Because we are most concerned with the Big O of an algorithm, the rest of this post will only focus on Big O.

How do we use Big O to describe an algorithm? Suppose you wish to search for someone's name in a phone book.

Phone books: before Google was a thing

What's the most straightforward way of finding this person? Well, you could go through every single name in the phone book until you find your target. This is known as a simple search.

If the phone book is very small, with only 10 names, this is a fairly fast process. But what if there are 1,000 names in the phone book?

At best, your target's name is at the front of the list and you only need to need to check the first item. At worst, your target's name is at the very end of the phone book and you will need to have searched all 1000 names. As the 'dataset' (or the phone book) increases in size, the maximum time it takes to run a simple search also linearly increases.

In this case, our algorithm is a simple search. Big O notation allows us to describe what our worst case is. Our worst case is that we will have to search through all elements (n) in the phone book. We can describe the run-time as:

O(n) where n: number of operations
Because the maximum number of operations is equal to the maximum number of elements in our phone book (you might need to search through them all to find your target's name), we say the Big O of a simple search is O(n). A simple search will never be slower than O(n) time.

Different Big O Run Times
Different algorithms have different run-times. That is, algorithms grow at different rates. The most common Big O run-times, from fastest to slowest, are:

  • O(log n): aka log time
  • O(n): aka linear time
  • O(n log n)
  • O(n²)
  • O(n!)

The Big O cheatsheet is also very useful for a quick graphical representation of the different run times and how they compare to each other.

A graphical representation of common Big O run times (credit: http://bigocheatsheet.com/)
In this post and its following post, I will describe common algorithms which are described by these different run-times.

Here are some principles that are important to understand before discussing some of the common algorithms.

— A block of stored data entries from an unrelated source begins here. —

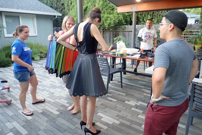 The last evening to make final touches. After I whip-stitched the facing onto the waist band, other team members poked holes and added brads.
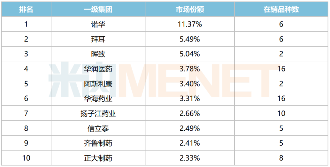 在一级集团排名中,诺华、拜耳、晖致稳居前三,2024年销售额分别超过50亿元、24亿元、22亿元,其中诺华同比增长超过14%;国内企业中,华海药业、信立泰、正大制药等均有个位数增长。
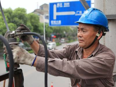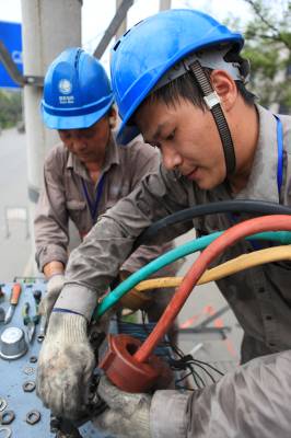 7月13日,宜都市供电公司员工在枝城镇8#公变上进行电力抢修。本周以来,宜都迎来首轮高温天气,电网负荷持续攀升,供电设施经受着严峻考验,宜都市供电公司加强应急值班,备齐备足抢修物资、车辆,一旦设备发生故障停电迅速赶赴现场抢修及时恢复供电,保障居民用电需求。屈琪骥 13886699776
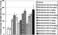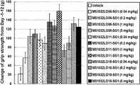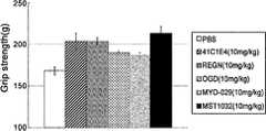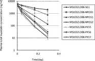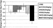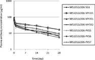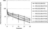 The elimination of myostatin and anti-latent myostatin antibody were assessed in vivo upon co-administration of anti-latent myostatin antibody and human latent myostatin in all human Fc gamma R transgenic mice (Figures 24 and 25).  An anti-latent myostatin antibody (0.3 mg/ml) and latent myostatin (0.05 mg/ml) were administered at a single dose of 10 ml/kg into the caudal vein. Anti-CD4 antibody (1 mg/ml) was administered three times (every 10days) at a dose of 10 ml/kg into the caudal vein to suppress anti-drug antibody. Blood was collected at 5 minutes, 15 minutes, 1 hour, 4 hours, 7 hours, 1 day, 2 days, 7 days, 14 days, 21 days, and 28 days after administration. The collected blood was centrifuged immediately at 15,000 rpm in 4 degrees C for 5 minutes to separate the plasma.  The separated plasma was stored at or below -20 degrees C until measurement. The anti-latent myostatin antibodies used were MS1032LO06-SG1, MS1032LO06-MY101, MS1032LO06-PK2, MS1032LO06-MY201, MS1032LO06-MY351, MS1032LO06-MY205, MS1032LO06-MY344 and MS1032LO06-MY335.
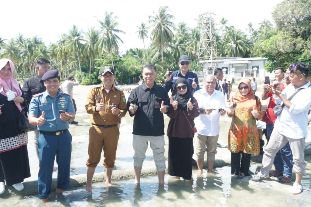 TNI AL, Lantamal XII,- Komandan Pos TNI Angkatan Laut (Danposal) Subi Letda Laut (P) Edi Sandra bersama Bupati Natuna Wan Siswandi didampingi Forum Koordinasi Pimpinan Daerah (Forkopimda) Natuna turut serta dalam pelepasan bibit penyu di Pulau Subi, Senin (18/09/2023).
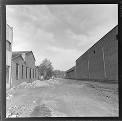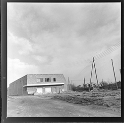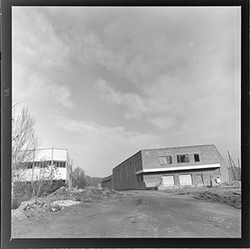 "Vista de l’edifici en construcció ubicat on abans es trobava el Magatzem de RIBÉ - CALPE, situat entre l’Avinguda d’Alacant i el Carrer Camí de Picos. A l’esquerra de la imatge es pot veure parcialment la Sèquia de Torres."
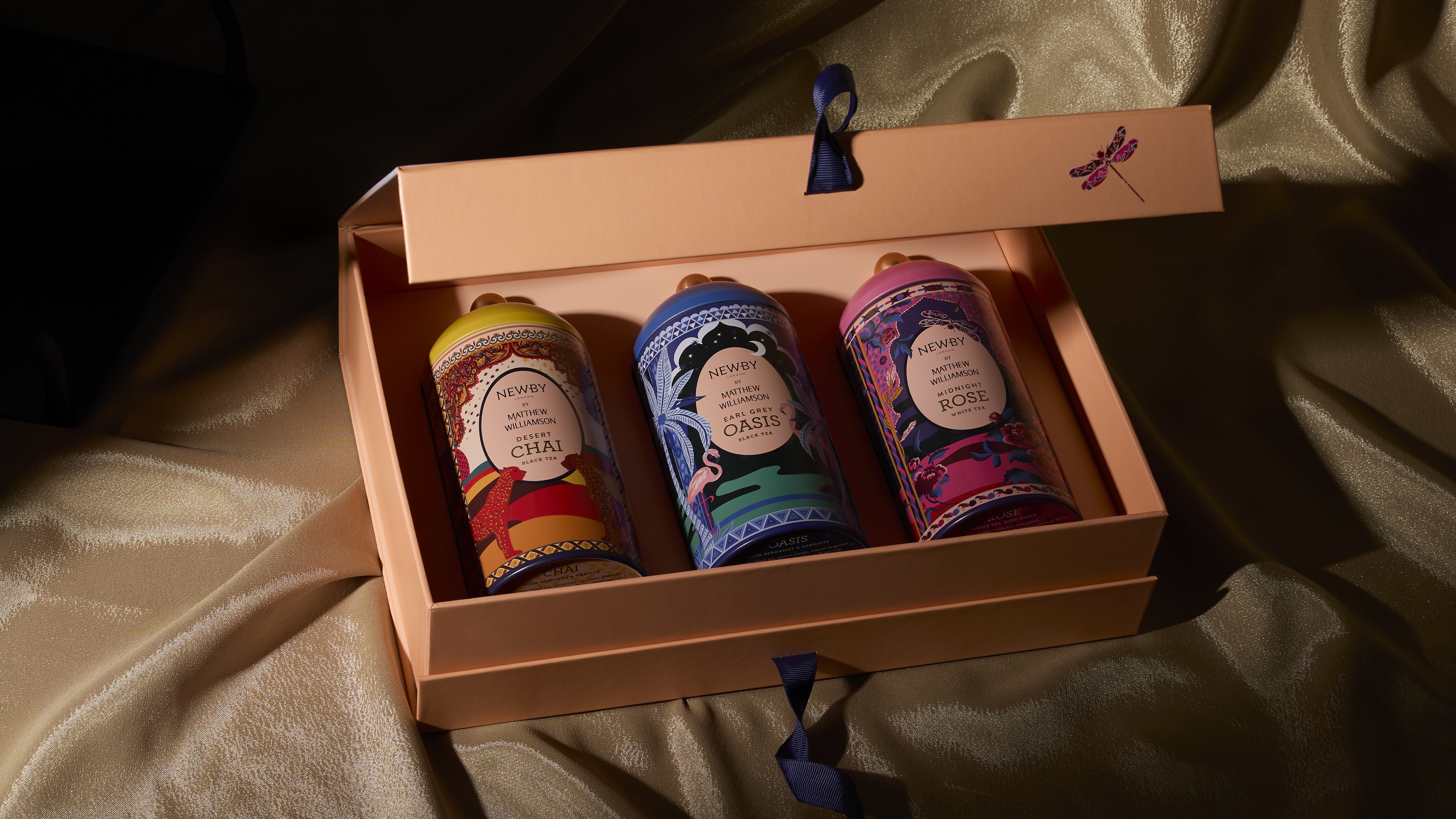Коллекция "Манящий Восток" была создана в коллаборации с известным британским модельером Мэтью Уильямсоном. Его вдохновение живописными пейзажами и колоритом Востока читается в ярком дизайне коллекции. В нейц тоже три вида чая: ароматный купаж "Роса пустыни" с нотками ванили и миндаля, нежный белый чай "Цветущая роза" с лепестками цветов и насыщенный "Эрл Грей Оазис» с кусочками абрикоса. Купажи доступны и по отдельности в подарочной упаковке, и в составе полного набора.
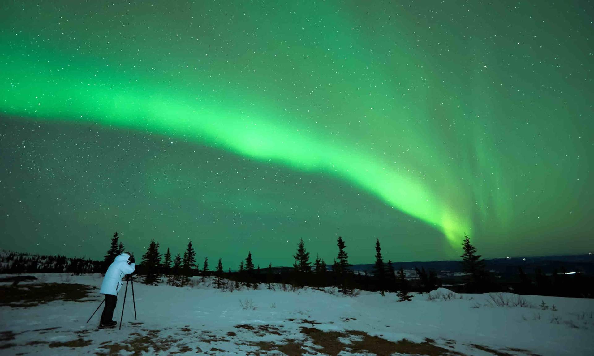 Wear lots of layers. If anything, overdress. You can always shed layers in the heat of the moment when the aurora is blazing above you. For photographers, warming up numb fingers takes time and could cost you that perfect photo. Big, thick gloves or arctic-grade mitts don’t go well with small camera buttons and dials.
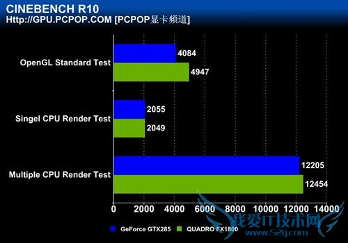 就测试成绩而言,QUADRO FX1800在显示子项上依然是明显领先于GeForce GTX285,在单CPU和多CPU测试环节,由于基本脱离了显卡的参与,仅仅是衡量系统处理器运算能力,所以两套系统成绩几乎一致。
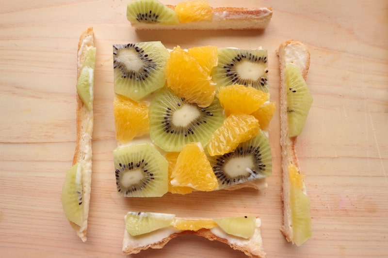 This can be made with strawberries on one slice and kiwi and orange on the other.
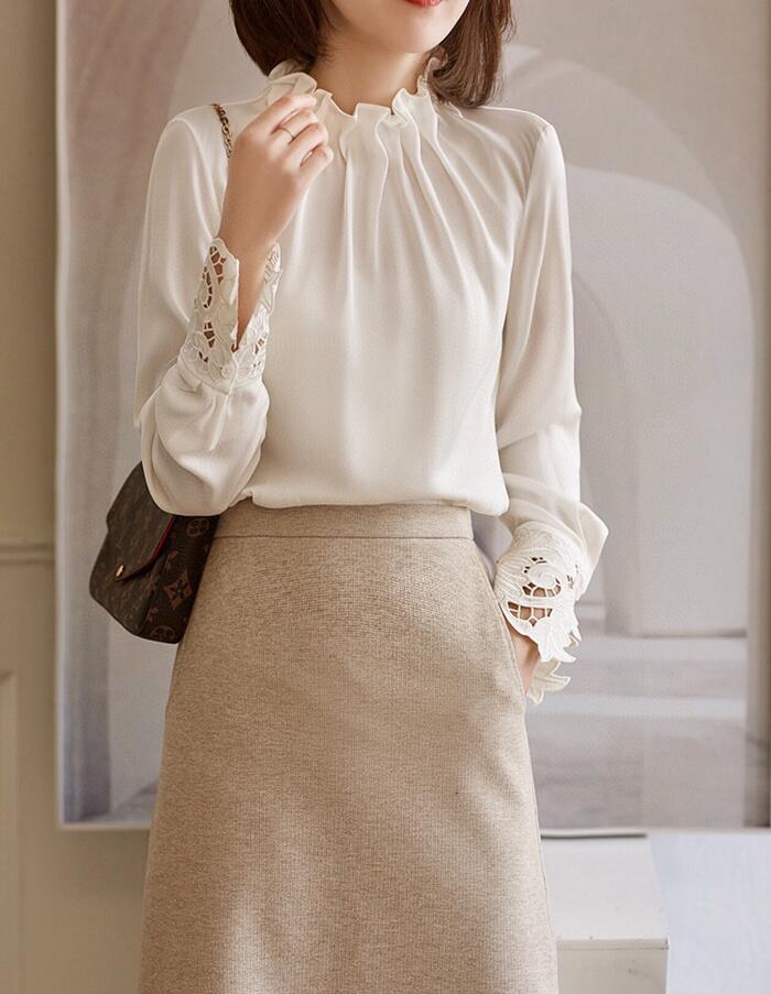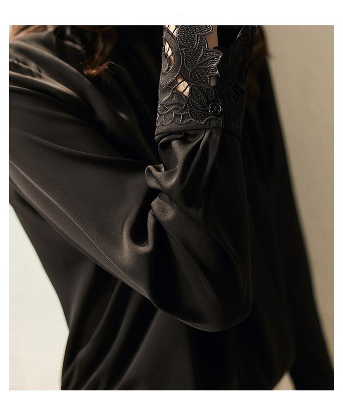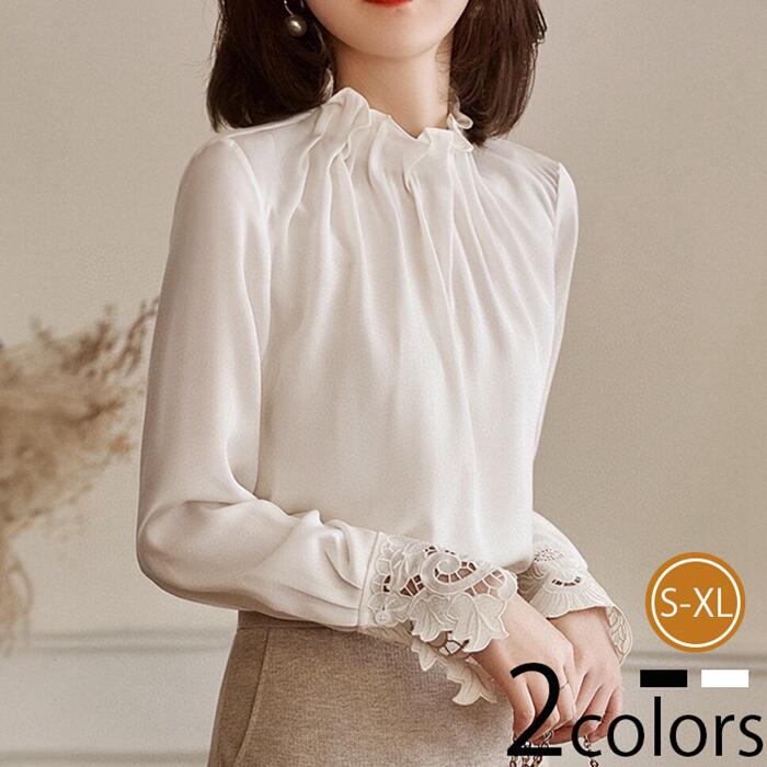 ブラウス フリル襟 レディース シャツ トップス 長袖 ハイネック レース袖 セレモニー フォーマル タック ギャザー 刺繍 キレイめ オフィス 春 夏 大人可愛い 通勤 おし 秋
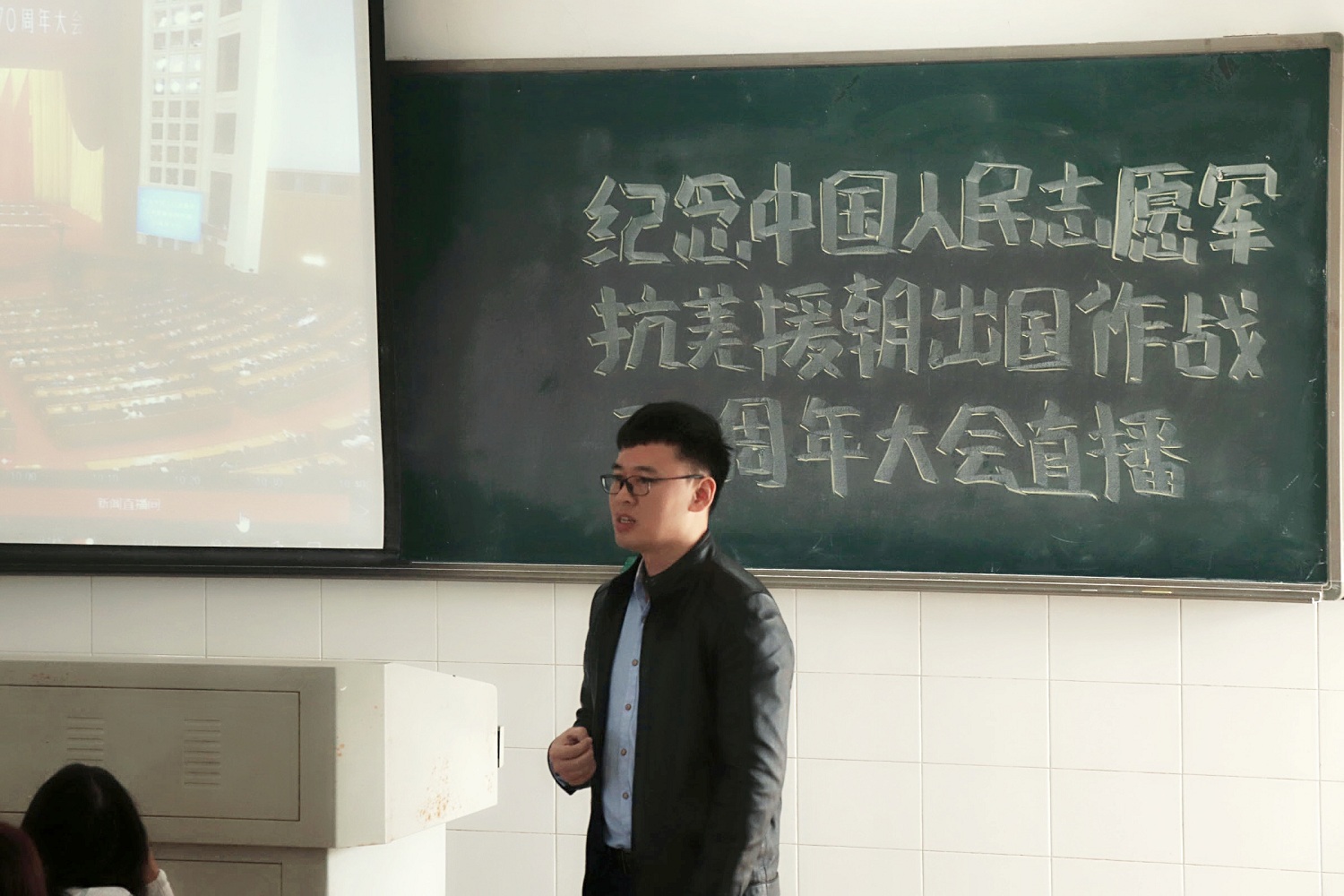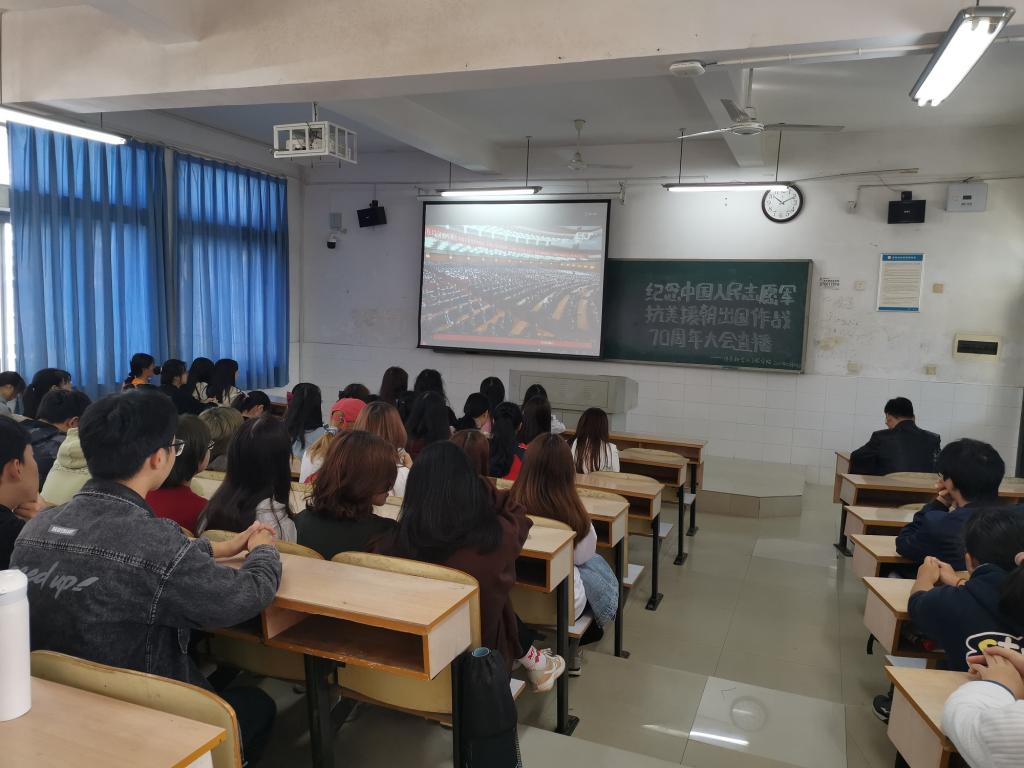 组织师生代表收看纪念中国人民志愿军抗美援朝出国作战70周年大会,聆听习近平总书记的重要讲话,缅怀为保家卫国牺牲的革命先烈,弘扬爱国主义与国际正义。
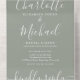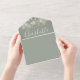 Alles in einer Hochzeitseinladung mit hübschen Saitenlichtern, prächtigen Stilbezeichnungen und schicker Typografie auf einem schlängelgrünen Hintergrund. Die Einladung enthält eine perforierte RSVP-Karte mit QR-Code. Entwickelt von Thisisnotme©
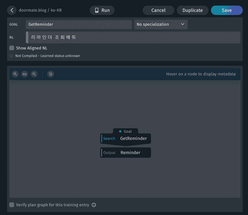 }위 코드를 설명하자면 GetReminder라는 액션을 만들고 액션의 타입을 Search로 지정한다.
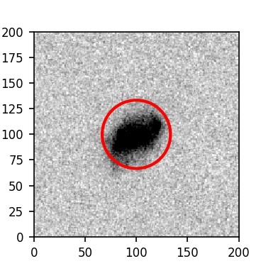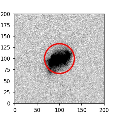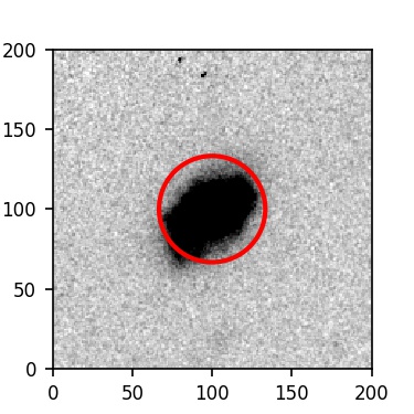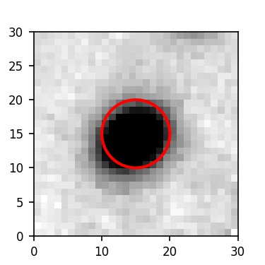 The red circle in the various panels is 1" in radius. The images are 6"x6".
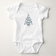 Uma ilustração de uma elegante árvore de Natal branca e chique com muitas bolas azuis penduradas em fundo rosa. Esta design é para pessoas que amam o Natal, dando presentes e presentes.
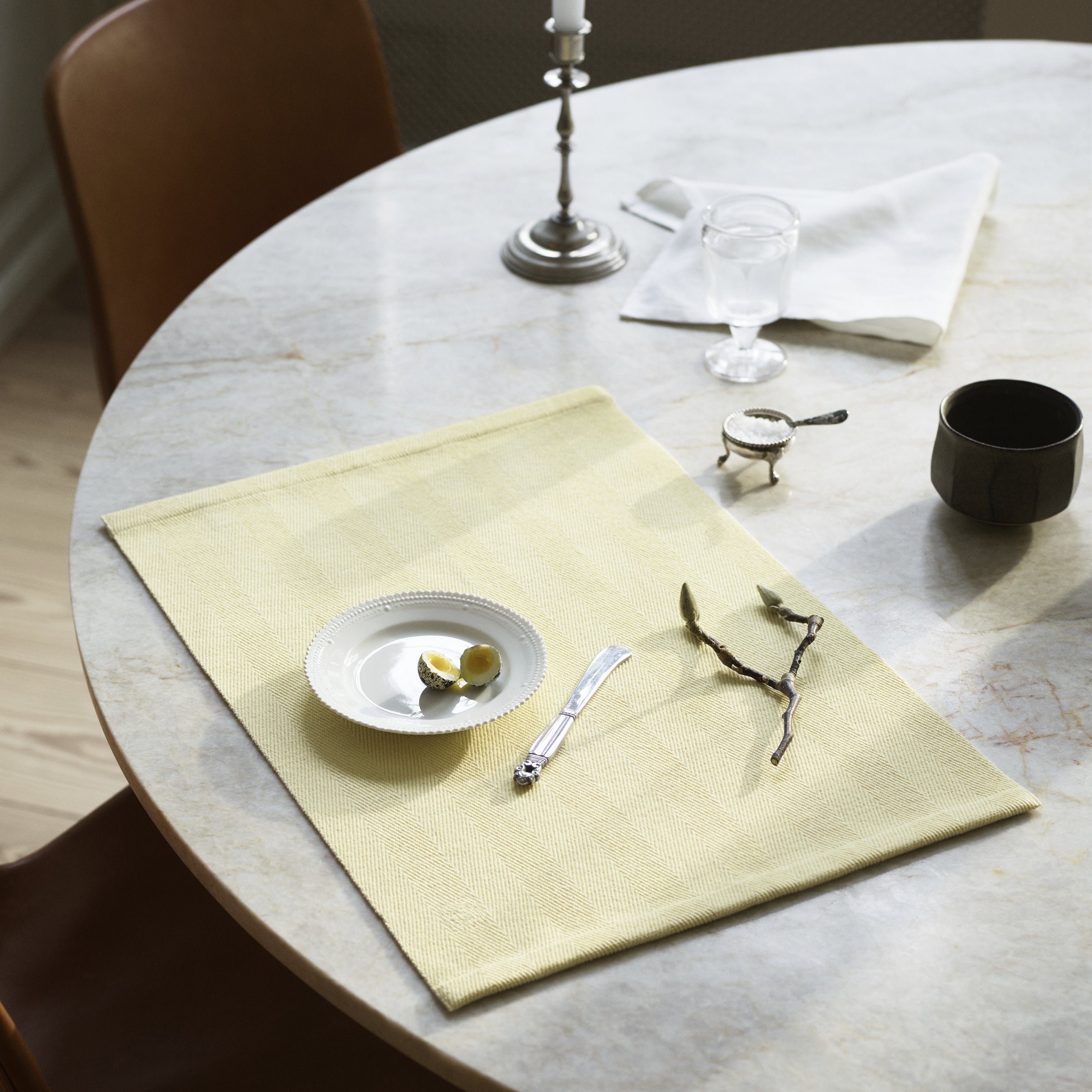 Das Herringbone-Tischset ist nach der Webtechnik benannt, die das charakteristische Fischgrätenmuster erzeugt. Es ist so gewebt, dass das Textil dem alltäglichen Gebrauch standhält, aber zugleich auch bei festlicheren Anlässen auf dem Tisch schön aussieht. Diese rechteckigen Tischsets messen 50 x 36 cm und werden im Zweierpack verkauft. Das Sortiment umfasst darüber hinaus Tischläufer und runde Tischsets. Bereits seit dem Jahr 1756 steht Georg Jensen Damask an erster Stelle, wenn es darum geht, luxuriöse Qualitätstextilien zu kreieren, die den Alltag ein wenig schöner machen.
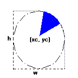 The coordinate (xc,yc) defines the center of the ellipse. Dimensions w and h define the elliptic axes X and Y, respectively.

Recursion: Recursion is when a function calls itself. Perhaps the quintessential example of recursion is in implementation of a factorial function:

def factorial(n):
    if n < 1:        #base case
        return 1
    else:             #recursive case
        return n * factorial(n-1)

The function is called within the function itself and will continue calling itself until the base case (in this case, when n is 1) is reached.

Divide and Conquer (D&C): A recursive approach for problem-solving, D&C (1) determines the simplest case for the problem (AKA the base case) and (2) reduces the problem until it is now the base case.

General overview of divide & conquer technique (credit: http://bigdata.ices.utexas.edu/project/divide-conquer-methods-for-big-data-analytics/)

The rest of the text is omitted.